Свечи на ветру | страница 34
— Если ты будешь слушаться господина Дамского, упражнять свой мизинец, ты станешь таким богатым и умным, как его двоюродный брат, — сказала бабушка, когда мы очутились на улице среди шума, сутолоки, домов, автомобилей, бесконечной вереницы окон, уставленных всякой всячиной.
Я промолчал. Зачем огорчать бабушку? Я не буду слушаться господина Дамского. Я не буду упражнять свой мизинец. У меня не будет парикмахерского заведения ни в местечке, ни в городе. Я лучше стану местечковым Марксом (а кто он такой?), залезу на бочку и буду произносить громовые речи, пока не охрипну.
У церкви бабушка присела на скамейку отдохнуть. Она поставила сундучок на землю — первый раз за два дня, до этого она всегда держала его на коленях — и почему-то стала щупать свою плоскую грудь.
— Что-то болит, холера, — сказала она тихо.
За оградой, на паперти, старухи, похожие на бабушку, продавали картинки и свечи, желтые и тонкие, как ножки водяных лилий. Я прислонился к ограде и издали принялся рассматривать поблескивавшие на солнце картинки. На них был нарисован полуголый человек в исподнем белье, приколоченный к дереву. Голова его была откинута назад, а из ран сочилась багровая, как малярная краска, кровь.
— Бабушка, кто он такой? — спросил я, когда она прогнала меня от ограды.
— Кто?
— Тот, кого они продают, — я показал на старух, мирно сидевших на паперти.
— Христос.
— А почему его приколотили к дереву?
— Ты спрашиваешь меня так, будто я стояла рядом и подавала гвозди, — проворчала бабушка и снова пощупала свою плоскую грудь. Наверно, проверяла: там ли бритва?
— Пранас говорит, будто мы его приколотили…
— Мы?
— А разве человека можно прибить к дереву гвоздями?

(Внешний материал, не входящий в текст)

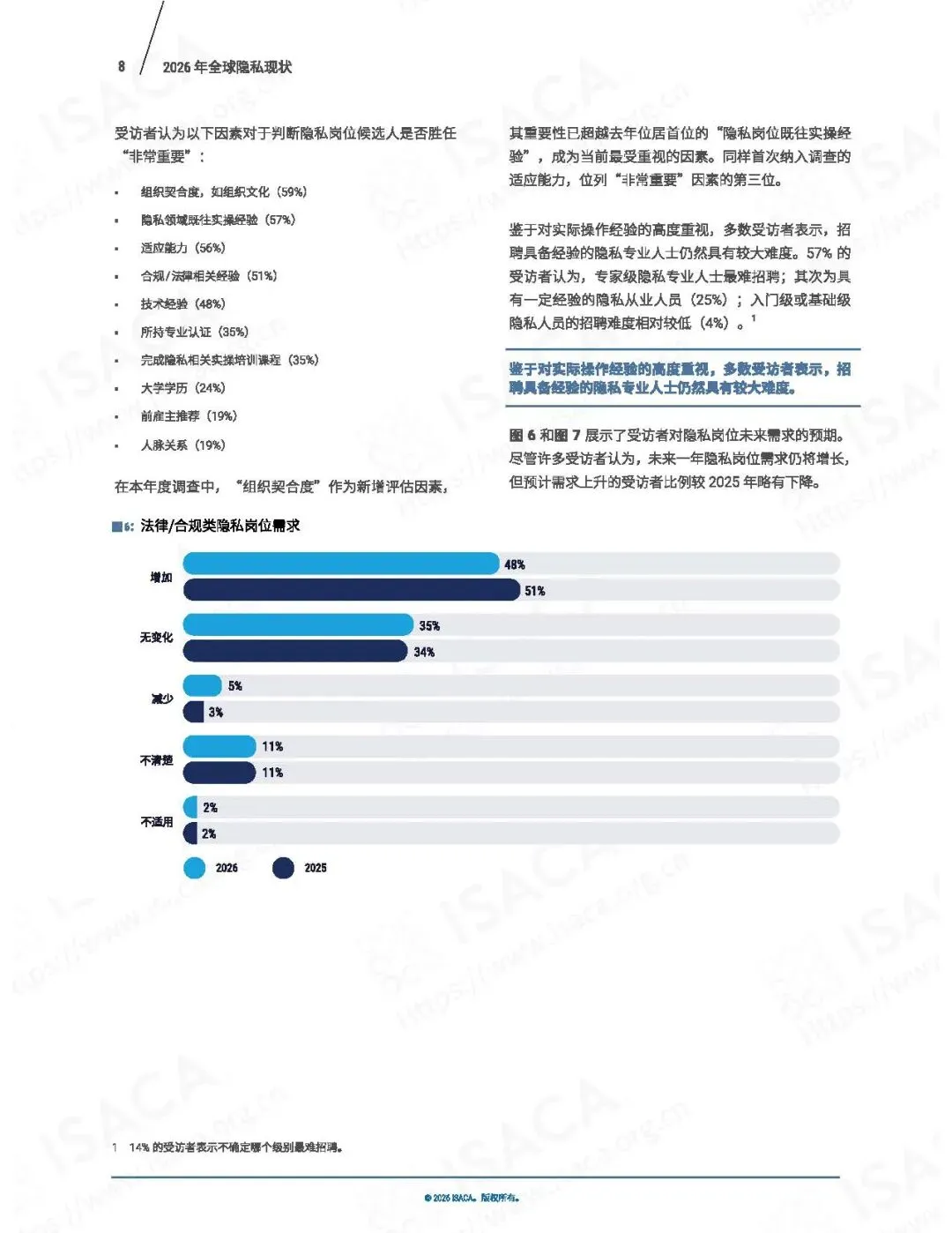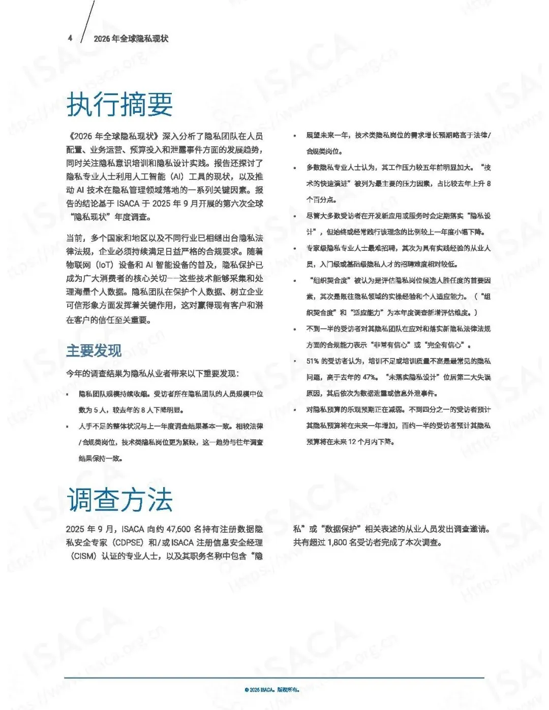 当前,多个国家和地区以及不同行业已相继出台隐私法律法规,企业必须持续满足日益严格的合规要求。随着物联网(loT)设备和AI智能设备的普及,隐私保护已成为广大消费者的核心关切一一这些技术能够采集和处理海量个人数据。隐私团队在保护个人数据、树立企业可信形象方面发挥着关键作用,这对赢得现有客户和潜在客户的信任至关重要。《2026年全球隐私现状》深入分析了隐私团队在人员配置、业务运营、预算投入和泄露事件方面的发展趋势,同时关注隐私意识培训和隐私设计实践。报告还探讨了隐私专业人士利用人工智能(AI)工具的现状,以及推动AI技术在隐私管理领域落地的一系列关键因素。

— С человеком все можно… Как с подошвой. Его и приколотить можно, и отодрать, и снова приколотить. А тебе, Даниил, все знать надо, — упрекнула она. — Чем меньше знаешь, тем лучше.
— Кому лучше?
— Всем. Ну зачем тебе, например, знать о том, кто его приколотил? Разве ты его с креста снимешь?
— Нет.
— Вот видишь. Разве накажешь тех, кто распял его?
— Они же давно умерли.
— Вот видишь. Разве кому-нибудь докажешь, что его прибили не мы. Что-то мне не верится, чтобы мы на такое дело силы тратили…
— Не докажу.
— Вот видишь, — сказала бабушка негромко. — Зачем же тебе знать?
Я давно не видел ее такой печальной и усталой.
— Выходит, кто больше знает, тот больше и мучается.
— Но ты же, бабушка, сама говорила: человек приходит в мир для страданий?
— Помни лучше о господине Дамском… о его двоюродном брате… о своем мизинце… А про человека на кресте забудь.